Now that we have our little girl, our concerns for loss of electricity are great. She is plugged into too many life assisting machines to lose any power. And considering that our electricity has been lost more than once when there was snow or ice was and is a great concern to us. We discussed with our agency and the State our options and came up with an action plan of what to do if this impending storm did hit us. As soon as we saw it moving in, the call was made and she and I were picked up and moved to a different facility where they had plenty of back-up generators to keep her safe.
I had this fierce determination that welled up inside me to keep her healthy and safe until we were given the "all clear" sign.
After arriving at the destination, there was an overwhelming sense of relief and I struggled to hold back tears all day. She was safe. I was safe. But Luke and the kids were at his parent's house without me and I missed them.

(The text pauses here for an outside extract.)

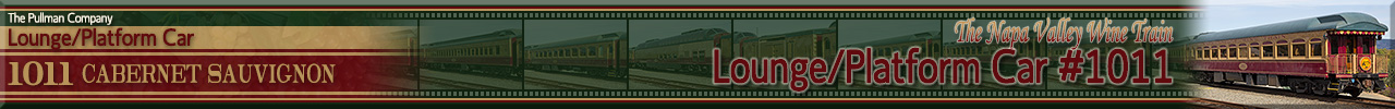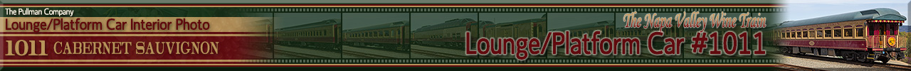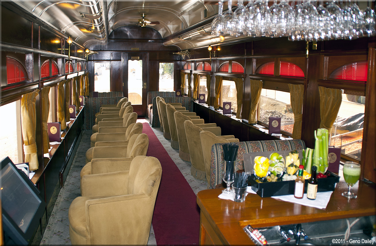 Just like its counterpart "Chardonnay", this lounge car features the same comfortable chairs and large windows, making it a great place for some fine wine while riding through Napa Valley! Historical information about this car provided by the Napa Valley Wine Train. |
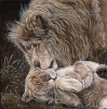 White lions (variation of Panthera Leo Krugeri) are not albinos but have a genetic mutation called leucism which gives them a creamy color coat with blue eyes while retaining normal pigmentation of the skin. It is a naturally occuring condition found mostly in eastern South Africa around the Kruger National Park although most of the white lions today are born in captivity.

Honestly, the other ice storms where we have lost power have been a little challenging but fun at the same time. We made it a big adventure with the kids and without the distraction of electronics the kids got along better. Sleeping all piled up in the living room in front of a the fireplace added to the sense of adventure. We got a little sick of sandwiches and dried fruit, but it was fun. 
 
I came home exhausted 2 days later to a very icy and cold winter wonderland. The snow pants I'd bought all the kids 2 years ago finally got put to use and they still fit! (I'd bought them 2 sizes to big on purpose).
 
Later that afternoon, I took a teary-eyed Good Lookin' on a hike down to the creek. All the kids have struggled with our new total lack of routine. I didn't realize how routine oriented we all were until all our plans have constantly been pulled out from under us in the last 9 weeks. Each of the kids has responded differently, but Good Lookin' has his own unique and challenging ways of letting us know it's been rough. A mother/son hike down a slippery hill to the creek below is just what he and I both needed.
I love where we live. We see several bald eagles every day fly right over our back deck and house. The creek was quiet and peaceful and he and I just sat on the bank, not talking and chucking chunks of ice into the water and watching it melt as it floated away. A lot can be said in the unspoken. 
 
Our motto now is to make plans, but plan on them being changed and learning to be gracious about it all.
We are finally getting some help with her care. We realized when she had been discharged from pre-school that we couldn't continue all of her care and still parent our four kids without help. After weeks of sleeping every other night (I take one night to sit up with her and Luke takes the other) and then being snowed in for 8 9 days with no help whatsoever, I cracked. I told them we couldn't continue what we were doing unless we had more help in our home so Luke and I could simply get some sleep. Our agency specializes in children with special needs and has bent over backward to get us that help and get staff trained to work with her. This allows me to either sleep during the day while some else takes care of her and or I can get out and do the normal things that comes with raising a family with 5 kids.
Everyone who has met her falls in love with her. Once you get over the shock of all her equipment and needs and can look into her deep blue eyes and see the beautiful little girl behind all the disabilities, it is hard to not fall in love.